**Problem**
Could you repeat the entries below exactly, but only from the line with "アンティーク 共箱付き |" through the line with "2014年4月23日上午9点", and without any picture?

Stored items
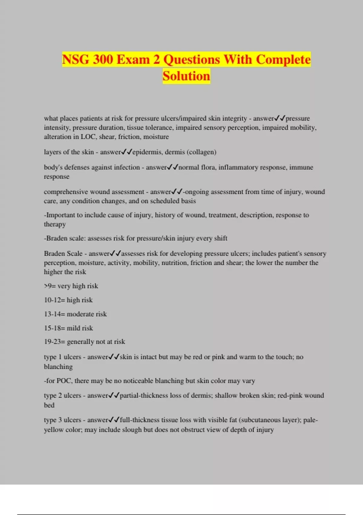 NSG 300 Exam 2 Questions With Complete Solution what places patients at risk for pressure ulcers/impaired skin integrity - answerpressure intensity, pressure duration, tissue tolerance, impaired sensory perception, impaired mobility, alteration in LOC, shear, friction, moisture layers of the skin - answerepidermis, dermis (collagen) body's defenses against infection - answernormal flora, inflammatory response, immune response comprehensive wound assessment - answer-ongoing assessment from time of injury, wound care, any condition changes, and on scheduled basis -Important to include cause of injury, history of wound, treatment, description, response to therapy -Braden scale: assesses risk for pressure/skin injury every shift Braden Scale - answerassesses risk for developing pressure ulcers; includes patient's sensory perception, moisture, activity, mobility, nutrition, friction and shear; the lower the number the higher the risk >9= very high risk 10-12= high risk 13-14= moderate risk 15-18= mild risk 19-23= generally not at risk type 1 ulcers - answerskin is intact but may be red or pink and warm to the touch; no blanching -for POC, there may be no noticeable blanching but skin color may vary type 2 ulcers - answerpartial-thickness loss of dermis; shallow broken skin; red-pink wound bed type 3 ulcers - answerfull-thickness tissue loss with visible fat (subcutaneous layer); pale- yellow color; may include slough but does not obstruct view of depth of injury type 4 ulcers - answerfull-thickness tissue loss with exposed bone, muscle, or tendon. possible tunneling and undermining unstageable pressure ulcer - answerbase of ulcer covered by slough and/or eschar in the wound bed so the depth is unknown; exudate; deep tissue injury - answerPurple or maroon localized area of discolored intact skin or blood- filled blister due to damage of underlying soft tissue from pressure and/or shear. how should you clean a wound - answerfrom least to most contaminated eschar - answerblack, brown or necrotic tissue in wound bed; needs to be removed before healing slough - answerstringy pale-yellowish tissue that lays in the wound bed; needs to be removed before healing if a patient has slough, eschar, and infectious exudate which one would you be most concerned about - answerinfectious exudate factors influencing heat and cold tolerance - answerExposure time Exposed skin Temperature Age Perception of sensory stimuli assessment for pressure ulcers includes - answerlocation, staging (depth), type and % of tissue in wound bed, wound dimensions
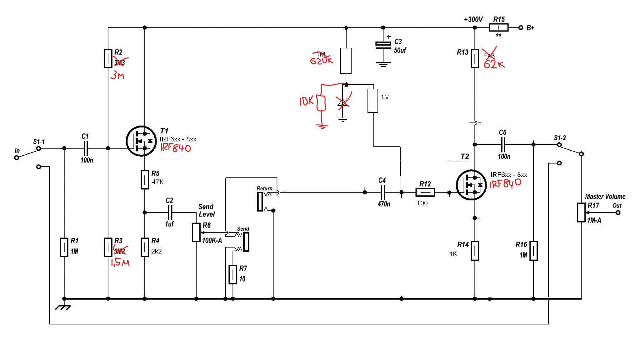 Кстати, переделал еще немного свою петлю на IRF840, довел до ума. Есть небольшой подкрас, который проявляется в едва заметном срезе высоких, но он заметен больше на малых уровнях громкости, и это можно даже считать не багом, а фичей, ибо на уровне домашней громкости высокие и так вылезают, а так получается небольшая "тонкомпенсация". Убрал из цепи смещения транзистора ретурна стабилитрон, заменив его резистором на 10 кОм, который в паре с резистором на 620 кОм образует делитель, формирующий напряжение смещения в 2,25 вольта на затворе транзистора. Так же заменил резистор на стоке, повысив его сопротивление до 62 кОм, при этом еще немного снизился ток покоя через транзистор, который сейчас составляет примерно 1 мА. Схема сейчас выглядит вот так:
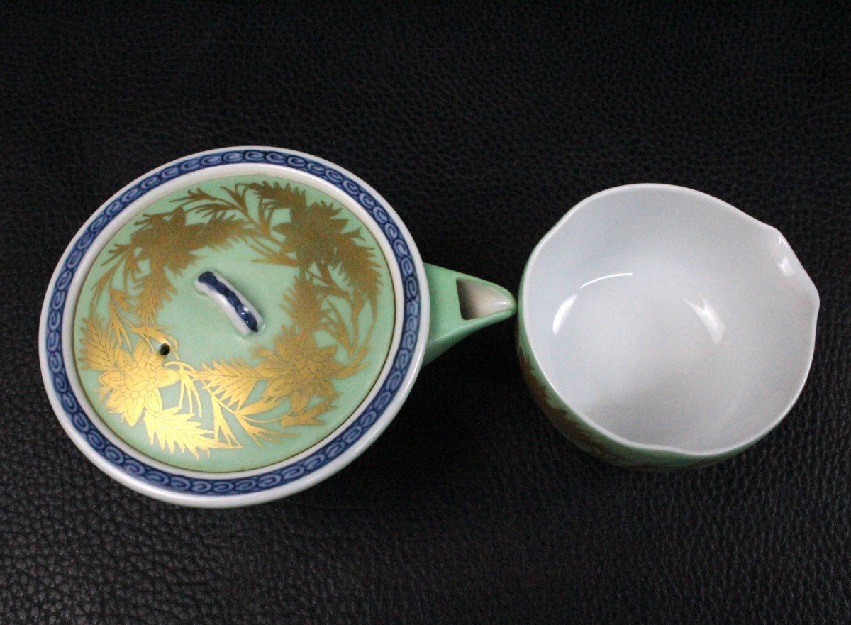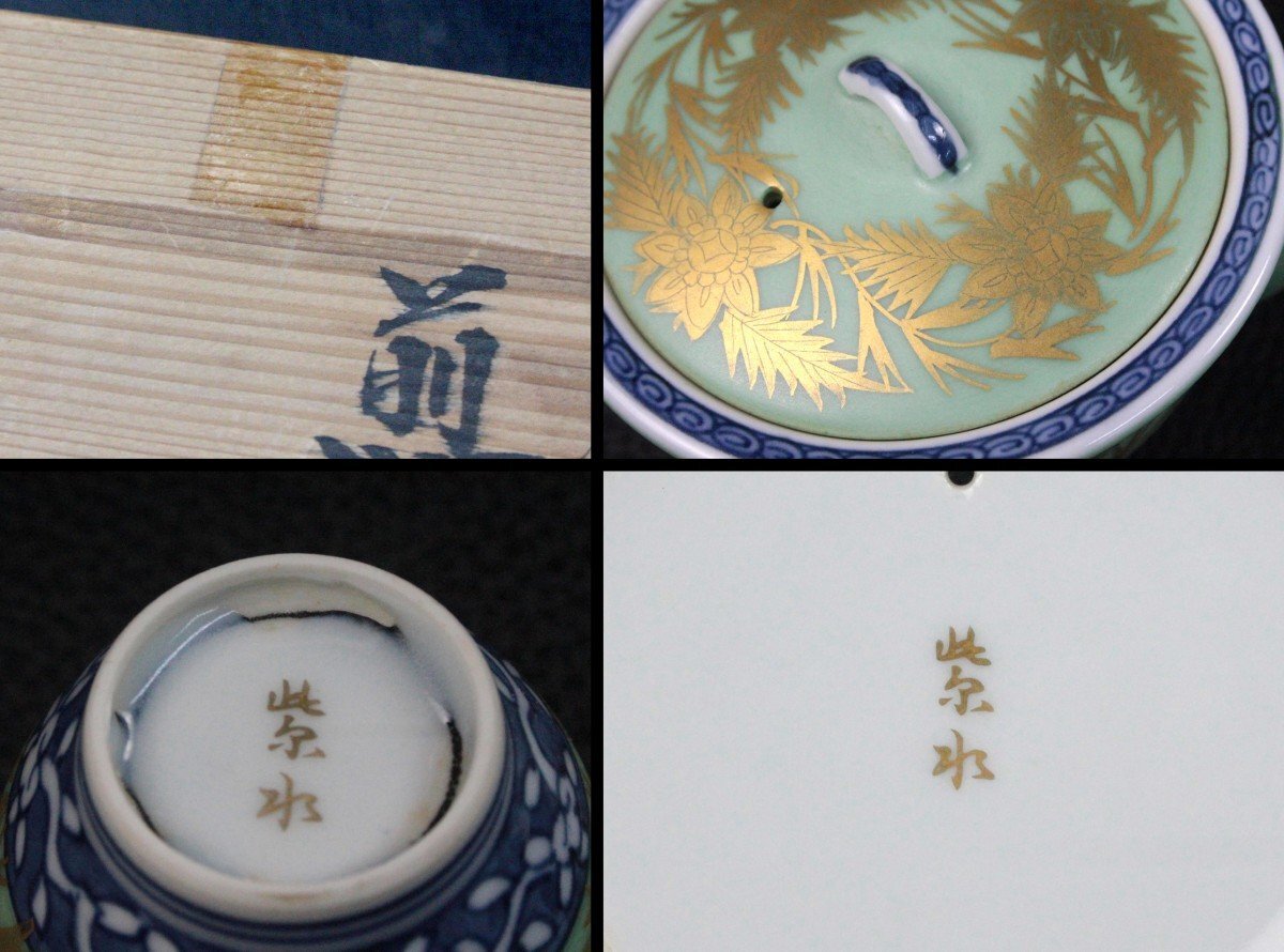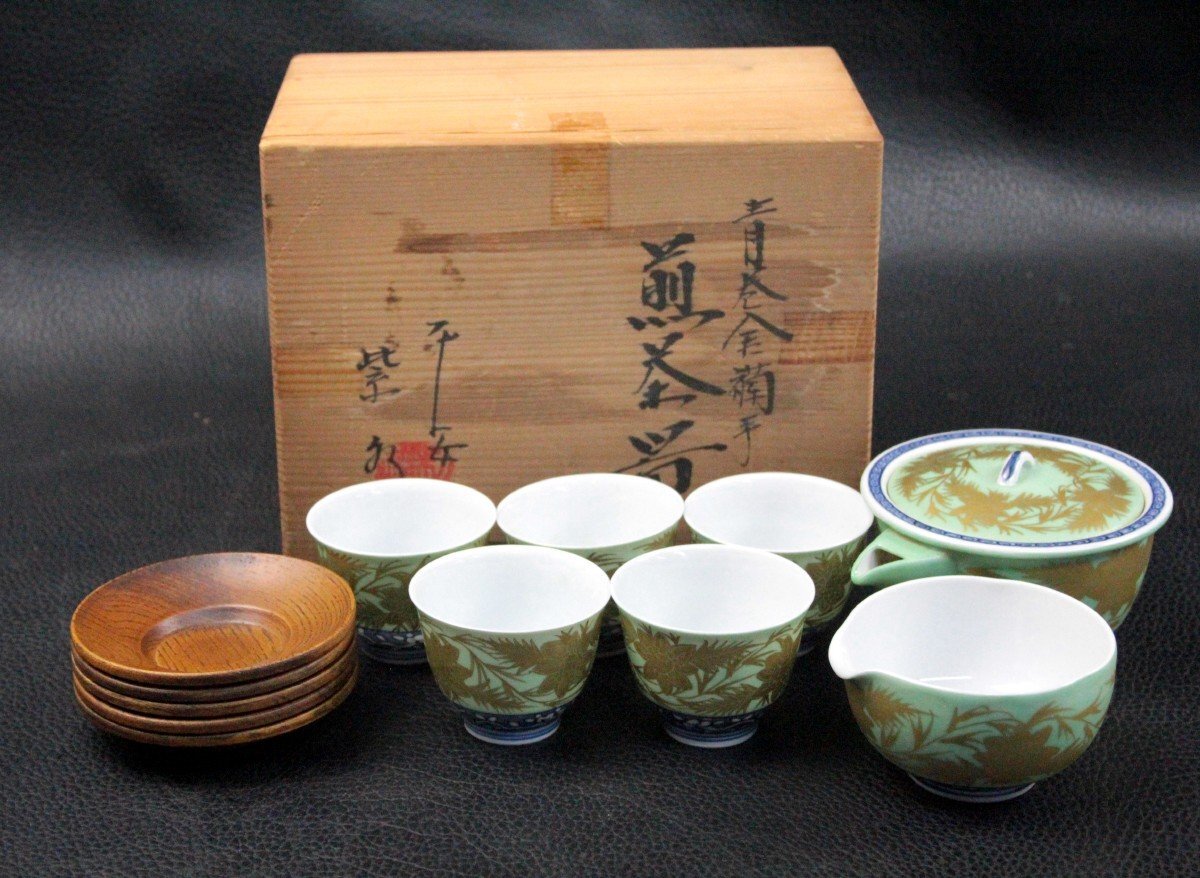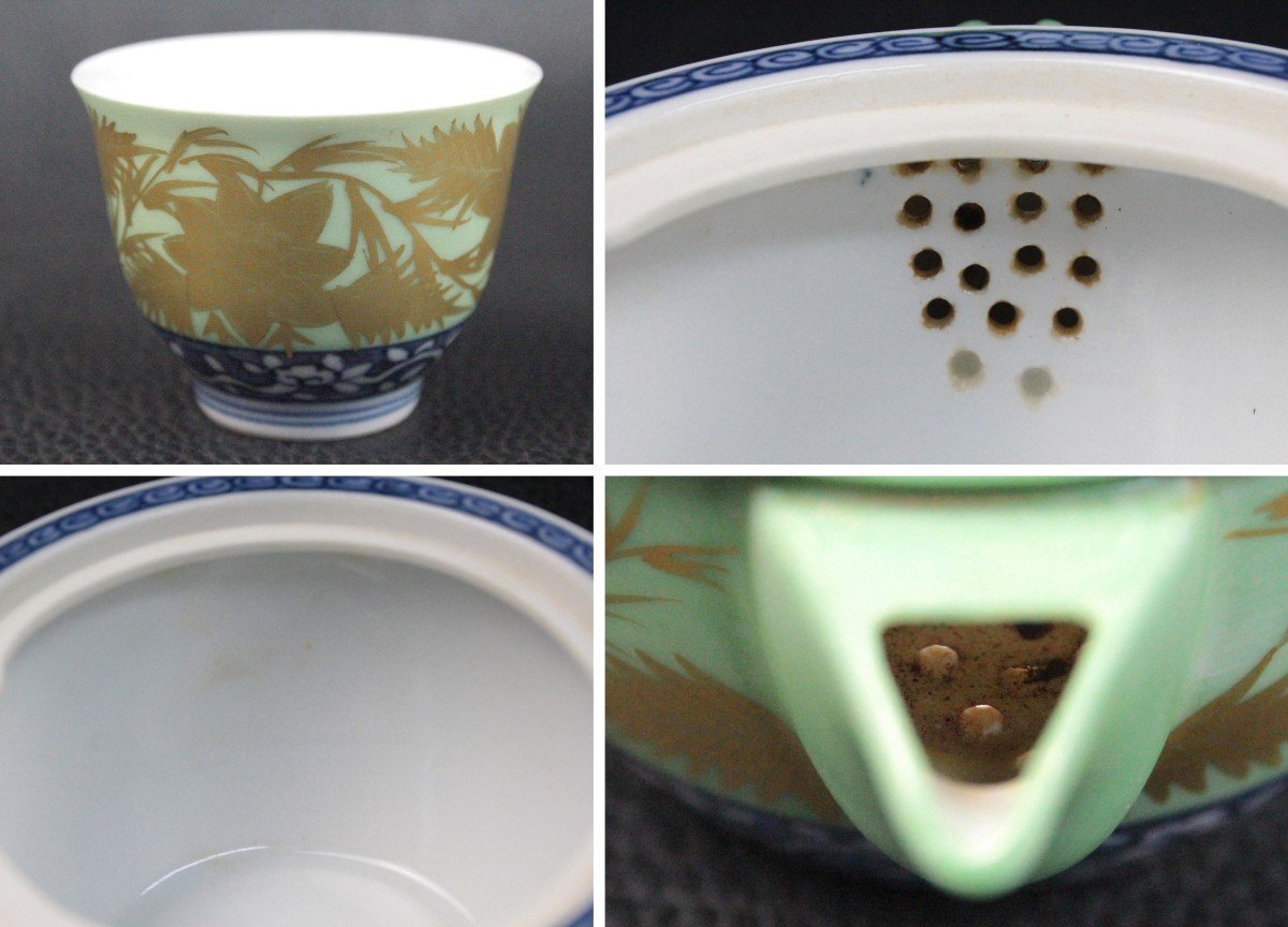 | ▼商品名 | 平安 紫水 青巻 煎茶器揃 金唐草 茶道 茶道具 茶器 伝統工芸 レトロ 骨董 アンティーク 共箱付き |
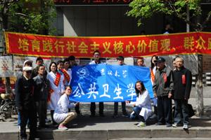 2014年4月23日上午9点30分,为宣传正能量,提高广大市民对核心价值观和第二次群众路线思想的认识,宣传精神文明建设、学习雷锋精神、遵守文明道德、搞好光盘行动坚持厉行节约,同时引导beet365学子践行社会主义价值观,树立为人民服务的宗旨意识,发扬中华民族的传统美德,beet365在长春市人民政府法制办公室、长春日报社党委、朝阳区委宣传部、朝阳区委政法委、桂林街道党工委、桂林派出所的大力支持与帮助下搭建平台于长春市朝阳区恒客隆对面举办了以“倡导培育社会主义核心价值观·第二次群众路线教育弘扬文明道德厉行勤俭节约”为主题的宣传展。本次活动由beet365院团委员工会、朝阳社区和五老志愿者组织并参加,2011级、2012级、2013级员工党员代表、员工入党积极分子代表以及优秀员工志愿者积极参与,长春日报社报道。
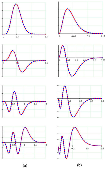 Table 1. The red solid trace is the finite-series approximation (15), whereas the superimposed blue dotted trace is produced by a robust numerical routine that gives a highly accurate evaluation of the wavefunction. The routine evaluates a normalized eigenvector of the matrix wave equation using the corresponding eigenvalue in addition to a set of eigenvalues of an abbreviated submatrix. Such evaluation avoids direct computation of eigenvectors of matrices that could result in reduced accuracy and/or convergence, especially for large matrix sizes. The accuracy is further enhanced due to the tridiagonal matrix representations of the wave operator in the TRA. In such representations, one is at liberty to utilize various robust computational packages specialized for use with such matrices in which Gaussian quadrature, continued fractions, and other tools are available. The figure shows a very good match with about
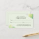 Schöne und elegante Terminkarte für Libellen mit unserer handgedruckten Libelle-Illustration. Ein heller, hellgrüner Hintergrund verleiht dem Ganzen ein sanftes, modernes Aussehen. Personalisieren Sie Ihre Daten mit Firmennamen. Auf der Rückseite befinden sich Informationen zur Termin-Erinnerung, die in einem sauberen und minimalen Stil mit künstlerisch grünen Aquarellpinsel Akzente setzen, die das vordere Libellenbild wunderbar ergänzen. Personalisiert mit Kontaktinformationen. Alle Kunstwerke in unserer eleganten grünen Aquarellkarte sind handgezeichnet Originalkunstwerke der Moodthologie. Sie können die Hintergrundfarbe, den Schriftart und das Layout nach Ihren persönlichen Vorlieben anpassen.
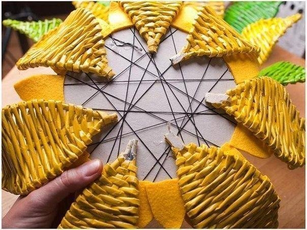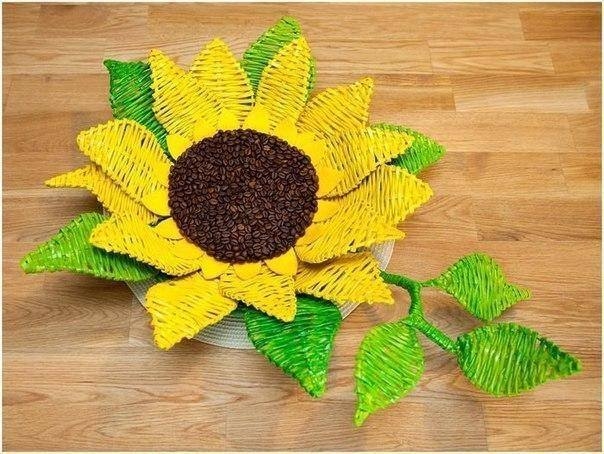 Вазочка Подсолнух из газетных трубочек
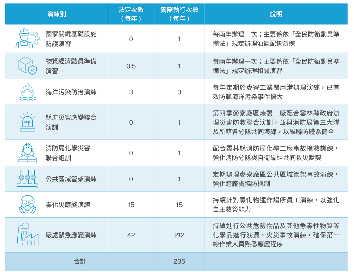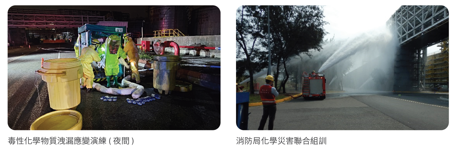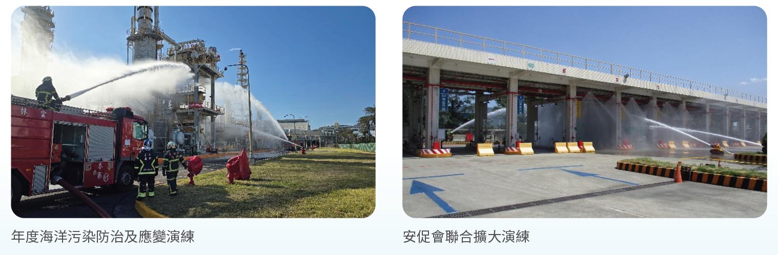 本公司除依法每半年辦理緊急應變演練 1 次,六輕廠區每年固定辦理縣府聯合災變演練、安全衛生促進會聯合擴大演練、海洋污染應變演練、公共區域管架演練及不定期辦理全國毒性化學物質災害應變、國家關鍵基礎設施防護指定演習與雲林縣消防局化學災害聯合組訓等大型演練,透過跨部門聯合演練提升救災默契並強化聯防組織互助與協防機制。
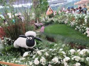 さまざまなアイデアや要素が凝縮されたマークさんのアニバーサリー・ガーデンのあちこちに登場するのが、イギリスのアニメーションの主人公「羊のショーン」です。大小いくつものショーンが庭を楽しくまとめあげています。
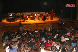 الحفل الذي حمل عنوان “عالعين يا ملاية ” أقيم بالتعاون بين مديرية المسارح والموسيقى والمسرح القومي باللاذقية، وأحيا فيه 88 طالباً وطالبة من المعهد مجموعة منوعة من الأغاني التراثية الفلسطينية والسورية افتتحها بمقطوعة موسيقية سماعي بيات من تأليف قائد الفرقة الموسيقية في المعهد زياد عباس، لينقل بعدها الجمهور الكبير الذي غصت به المدرجات في تحية إلى القدس مدينة السلام ورائعة السيدة فيروز “زهرة المدائن” كلمات وألحان الأخوين رحباني.
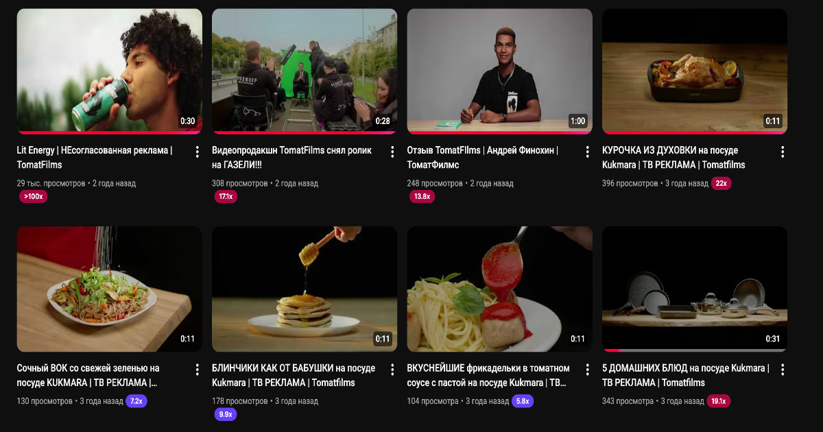 Томат Фильм разработала и реализовала серию рекламных ТВ-видеороликов для производителя посуды Kukmara. Команда выполнила полный цикл производства: разработку идеи, сценария, организацию съемок и постпродакшн. Все 5 видео 3 месяца крутились по Россия 1, вовлекая зрителя в историю приготовления блюд
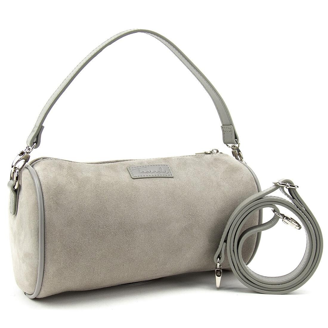 Стильне кроссбоді у формі бочонкаСумочка кросбоді з натуральної замші Розмір: 27 x 15 x 12 см. Модель невеликих розмірів Має одне відділення із закриттям на блискавку.Усередині є невелика кишенька для дрібних предметів. Коротка шкіряна ручка і наплічний довгий ремінець зі шкіри регулюється по довжині, відстібається за допомогою карабінів. З тільної сторони горизонтальна кишеня на блискавціПідкладка: текстиль Колір виробу: сірий Колір фурнітури: срібло Знайшли цю модель дешевше? Зв'яжіться з нами, і ми запропонуємо Вам найнижчу ціну в Україні, тому що виробник цього товару.
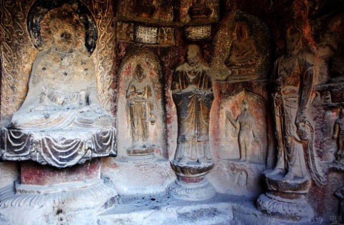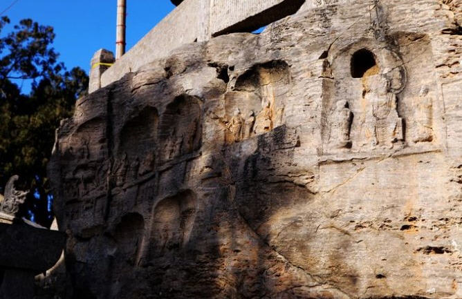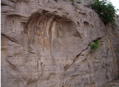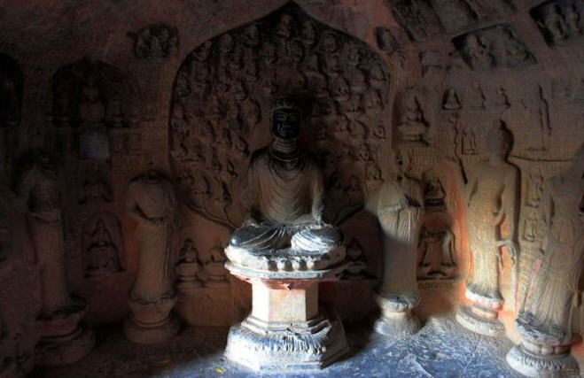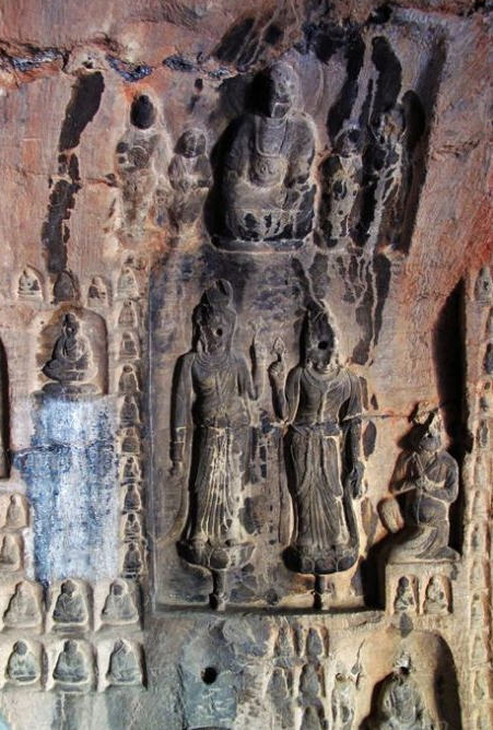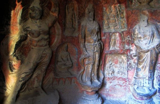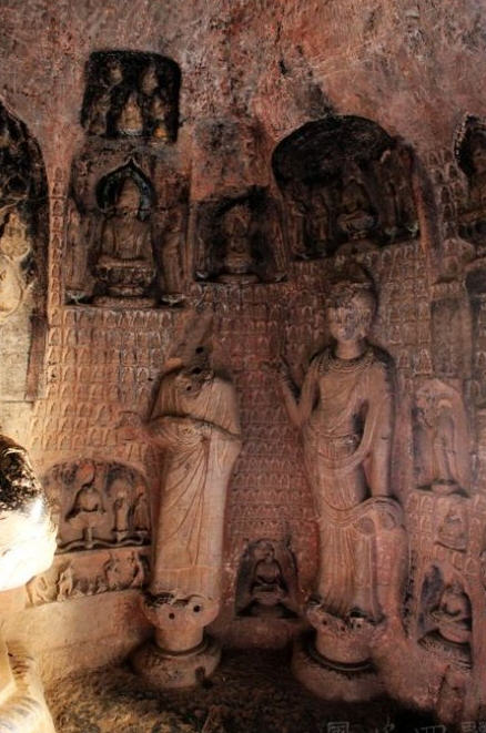 西南崖壁上,亦尽是大小佛龛、佛像。可惜的是,这些洞窟内外的石刻雕像经过千年风雨剥蚀以及人为破坏,如今多半残缺无首。

**Your solution**
 | ▼商品名 | 平安 紫水 青巻 煎茶器揃 金唐草 茶道 茶道具 茶器 伝統工芸 レトロ 骨董 アンティーク 共箱付き |
 2014年4月23日上午9点30分,为宣传正能量,提高广大市民对核心价值观和第二次群众路线思想的认识,宣传精神文明建设、学习雷锋精神、遵守文明道德、搞好光盘行动坚持厉行节约,同时引导beet365学子践行社会主义价值观,树立为人民服务的宗旨意识,发扬中华民族的传统美德,beet365在长春市人民政府法制办公室、长春日报社党委、朝阳区委宣传部、朝阳区委政法委、桂林街道党工委、桂林派出所的大力支持与帮助下搭建平台于长春市朝阳区恒客隆对面举办了以“倡导培育社会主义核心价值观·第二次群众路线教育弘扬文明道德厉行勤俭节约”为主题的宣传展。本次活动由beet365院团委员工会、朝阳社区和五老志愿者组织并参加,2011级、2012级、2013级员工党员代表、员工入党积极分子代表以及优秀员工志愿者积极参与,长春日报社报道。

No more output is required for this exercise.